══ AVAILABLE DATA ══

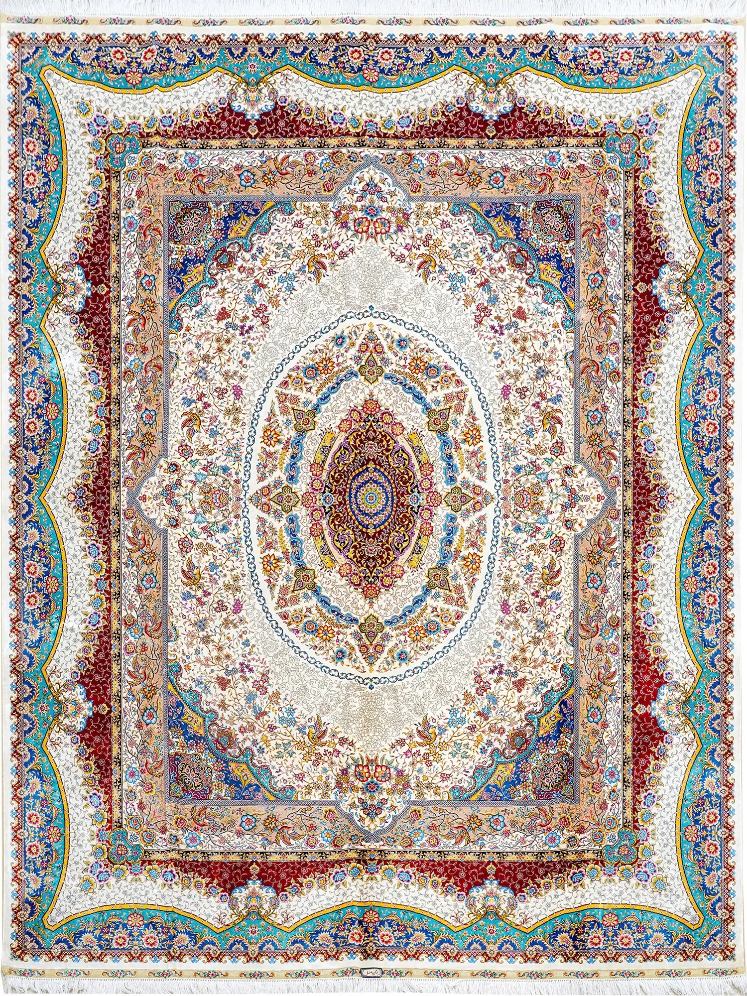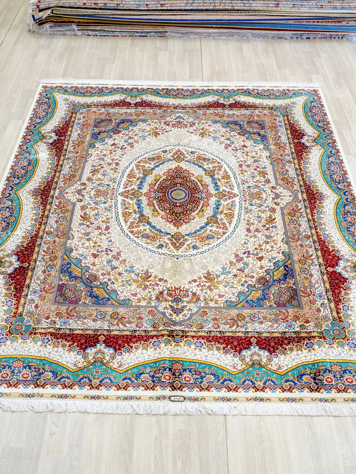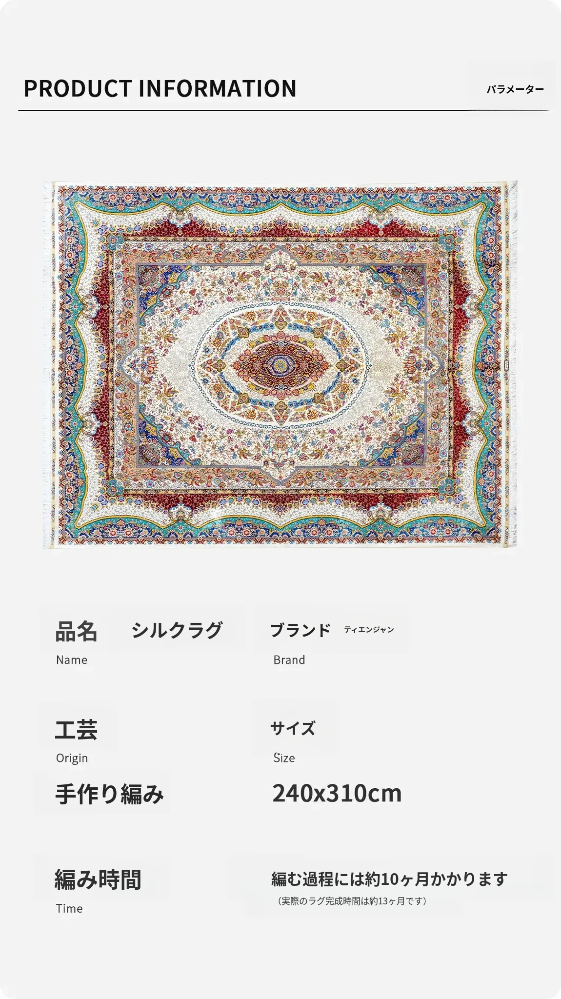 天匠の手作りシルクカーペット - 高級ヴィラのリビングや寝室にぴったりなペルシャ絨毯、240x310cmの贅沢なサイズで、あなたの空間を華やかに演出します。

═══
══ AVAILABLE DATA ══

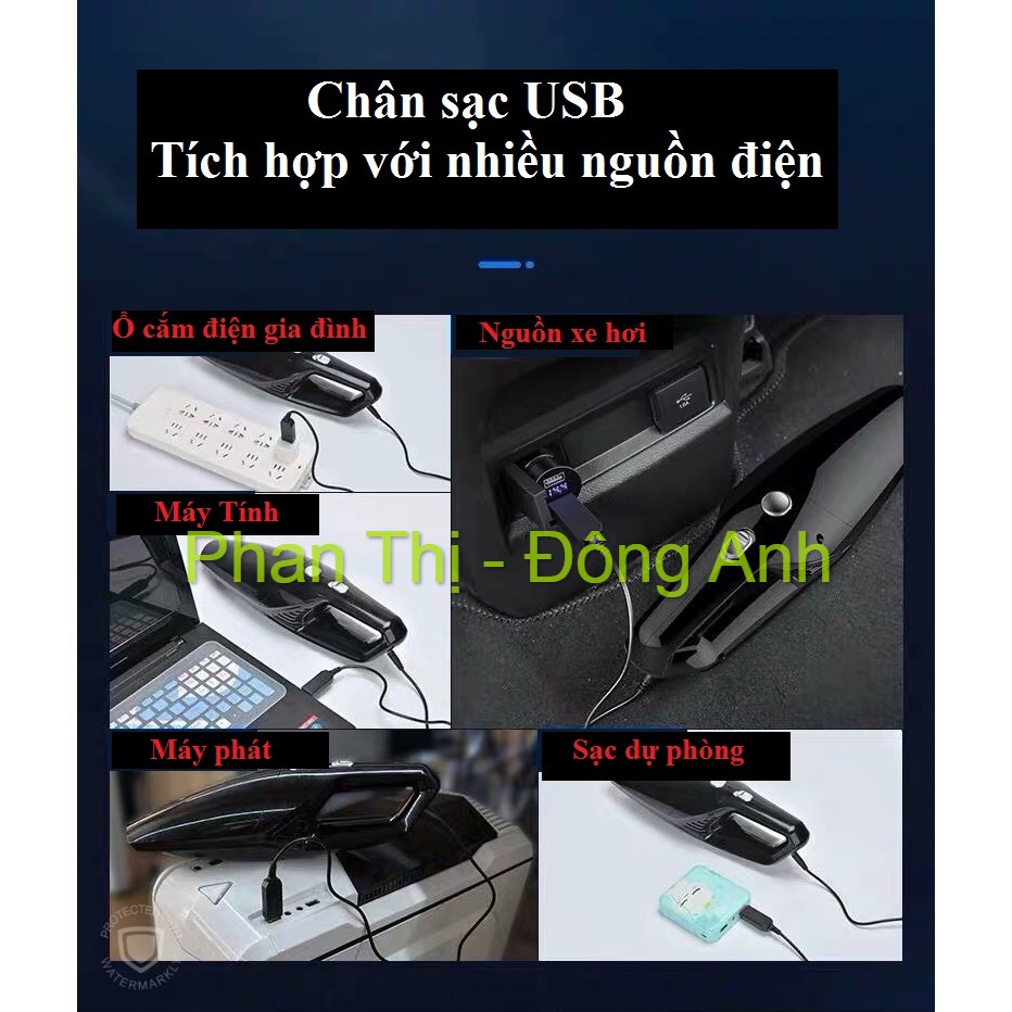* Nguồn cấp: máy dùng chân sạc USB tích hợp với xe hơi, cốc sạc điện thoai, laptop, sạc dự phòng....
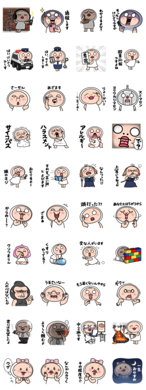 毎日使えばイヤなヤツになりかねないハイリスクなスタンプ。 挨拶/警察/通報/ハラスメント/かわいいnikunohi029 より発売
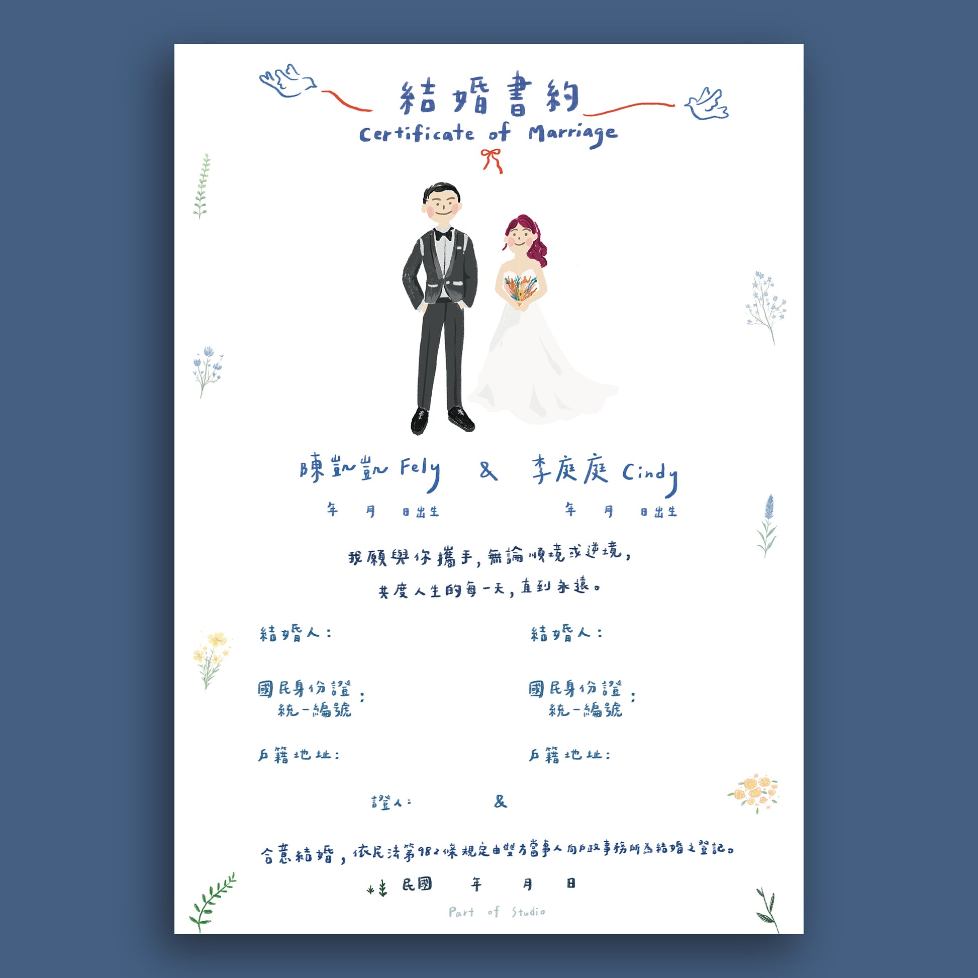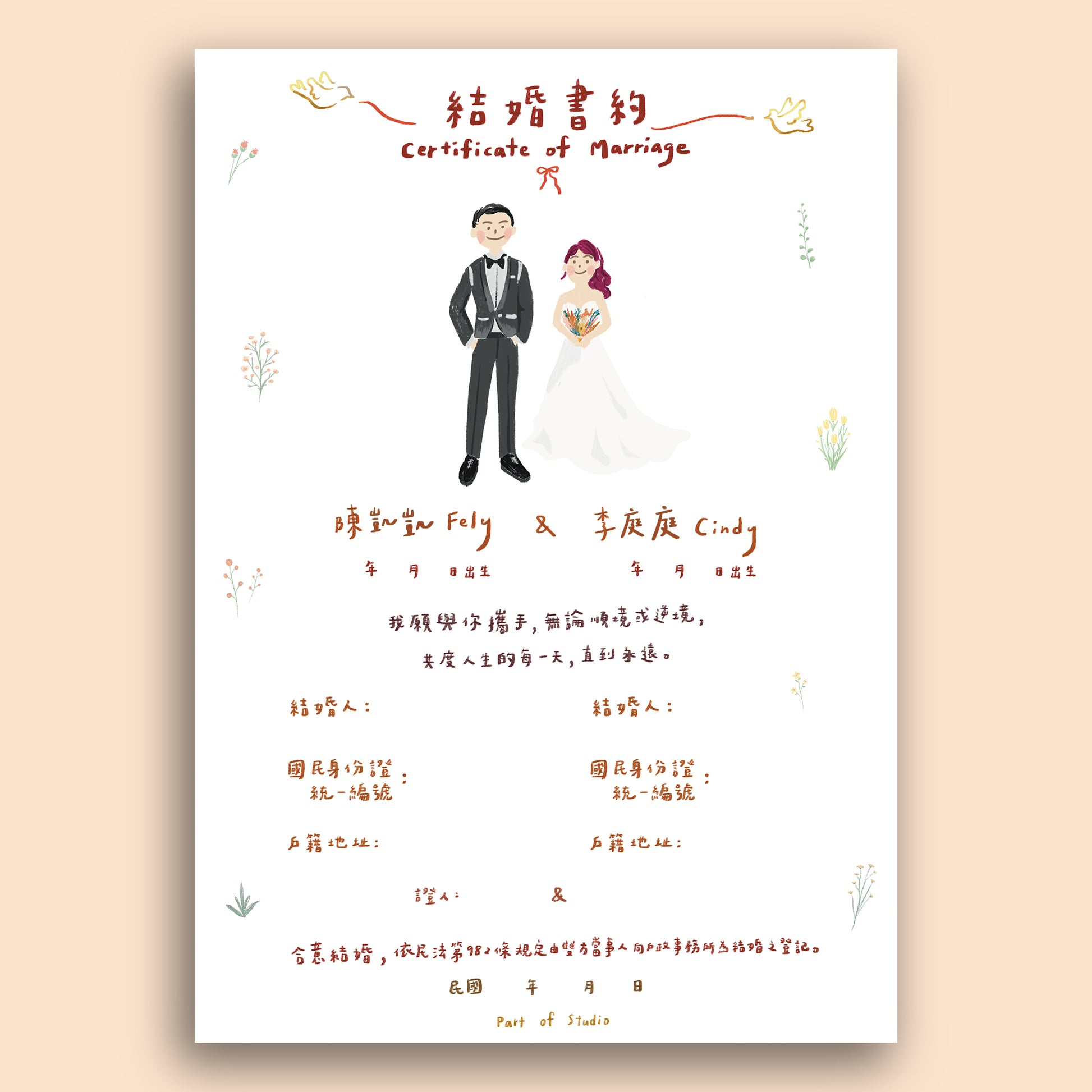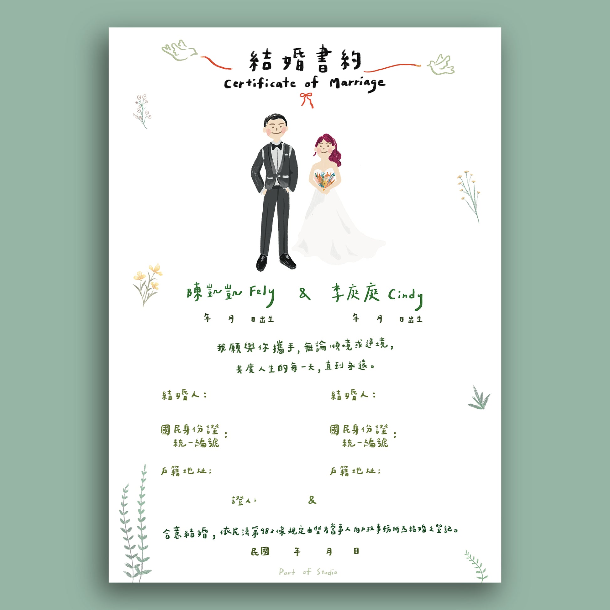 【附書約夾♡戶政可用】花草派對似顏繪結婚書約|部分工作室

═══
══ AVAILABLE DATA ══

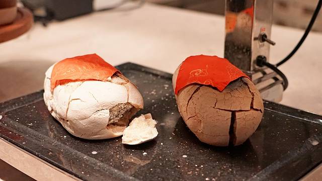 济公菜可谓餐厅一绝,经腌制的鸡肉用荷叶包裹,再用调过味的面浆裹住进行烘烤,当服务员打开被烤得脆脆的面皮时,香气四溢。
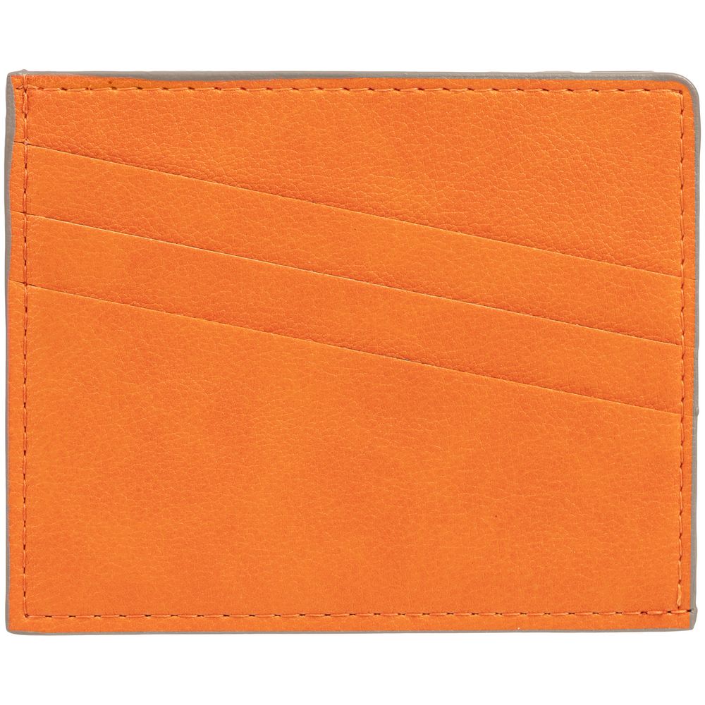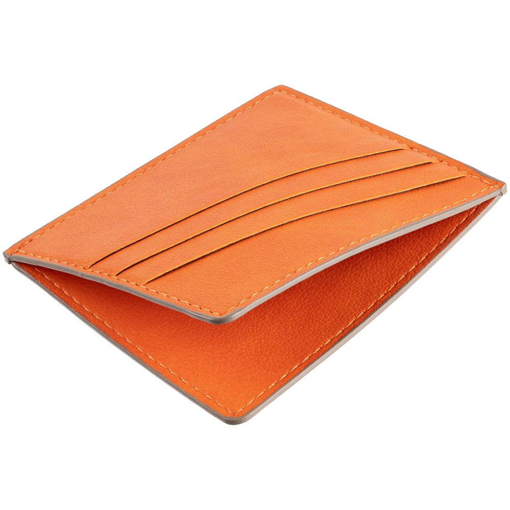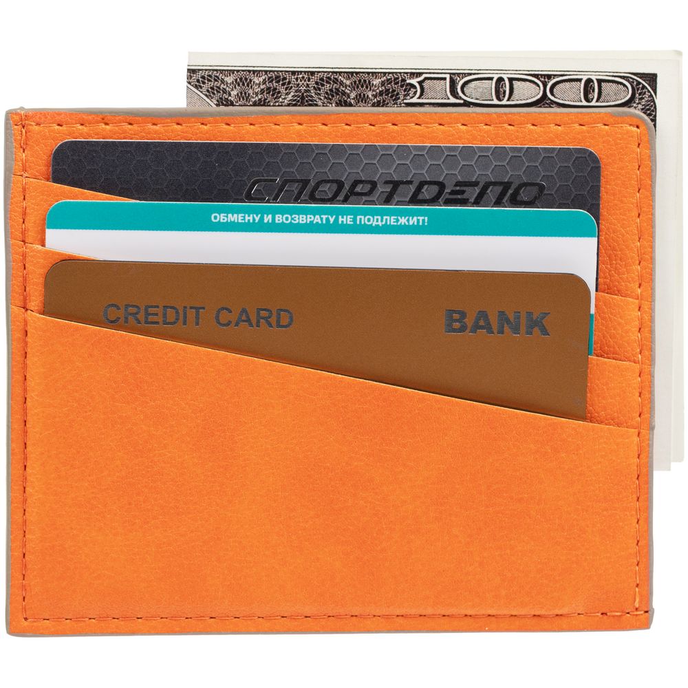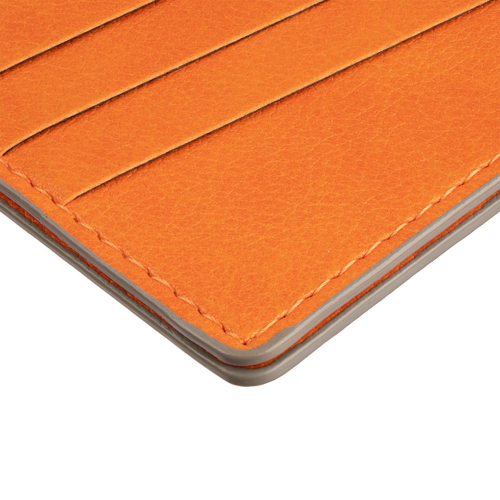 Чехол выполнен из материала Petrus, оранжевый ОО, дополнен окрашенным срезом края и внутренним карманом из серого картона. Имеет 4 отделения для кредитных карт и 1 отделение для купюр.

═══

» **AIM OF THE EXERCISE**
Copy out the lines above from the line containing "济公菜可谓餐厅一绝,经腌制的" through the line containing "Чехол выполнен из", exactly, and keep the pictures out.

» **RESPONSE TO THE EXERCISE**
 济公菜可谓餐厅一绝,经腌制的鸡肉用荷叶包裹,再用调过味的面浆裹住进行烘烤,当服务员打开被烤得脆脆的面皮时,香气四溢。
 Чехол выполнен из материала Petrus, оранжевый ОО, дополнен окрашенным срезом края и внутренним карманом из серого картона. Имеет 4 отделения для кредитных карт и 1 отделение для купюр.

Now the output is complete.